S’il y a quelque chose qui ranime cette jalousie studieuse, c’est bien le mensonge dans la mesure où il permet à l’être aimé de préserver ses secrets, d’échapper à l’emprise du jaloux, qui pour sa part demeure hors prise. Marcel ment pour rester invisible, pour surveiller Albertine sans être démasqué, avec un souci constant de cacher son amour, de dissimuler sa jalousie et bien évidemment ses mensonges mêmes. La séquestration d’Albertine se résume dans ce regard imposteur qui vise à unifier, à défragmenter, à capter l’« essence » de l’être de fuite ; la fuite d’Albertine est la mise en échec d’une telle tentative.

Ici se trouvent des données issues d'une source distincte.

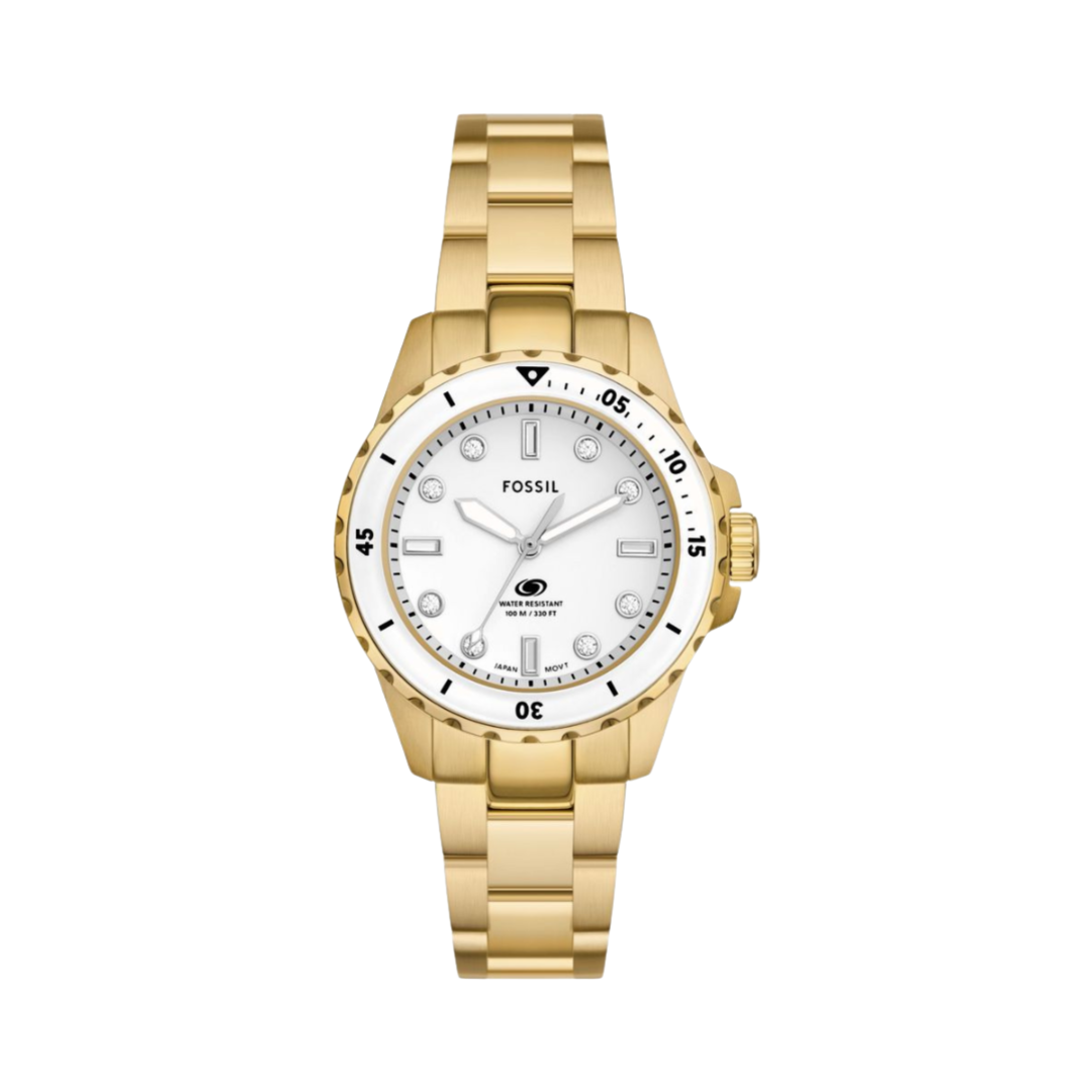 - Caja: 36 mm de diámetro en acero inoxidable dorado.

Cette jalousie suspicieuse qu’on voit en œuvre dans La Prisonnière, prétendant détecter les mensonges supposés d’Albertine touche à son paroxysme après la mort soudaine de cette dernière. Continuer l’enquête autour de la vie d’Albertine après sa disparition pourrait signifier autant la dénégation de sa mort que la reconnaissance que sa vie n’était pas moins inconnaissable que sa mort6. Attirons ici l’attention sur le fait que le héros fait une enquête sur la vie d’Albertine à la manière d’un inspecteur qui doit élucider une disparition obscure. Ce désir de pénétrer l’« essence » cachée de l’aimée va à l’encontre de l’image soigneusement structurée d’une Albertine polymorphe, innombrable, protéiforme7. Contrairement au narrateur d’A l’ombre des jeunes filles en fleurs qui s’avoue incapable de « conférer rétrospectivement une identité » (Paris, Gallimard, coll. «Bibliothèque de la Pléiade », vol. II, 1988, p. 202) à celle qui n’en avait pas quand « elle a frappé [s]es yeux », le narrateur d’Albertine disparue se décide à lutter contre cette incapacité par le biais d’une observation essentielle :

Non, pour Albertine, c’étaient une question d’essence : en son fond qu’était-elle, à quoi pensait-elle, qu’aimait-elle, me mentait-elle […] ? (p. 98 ; c’est nous qui soulignons)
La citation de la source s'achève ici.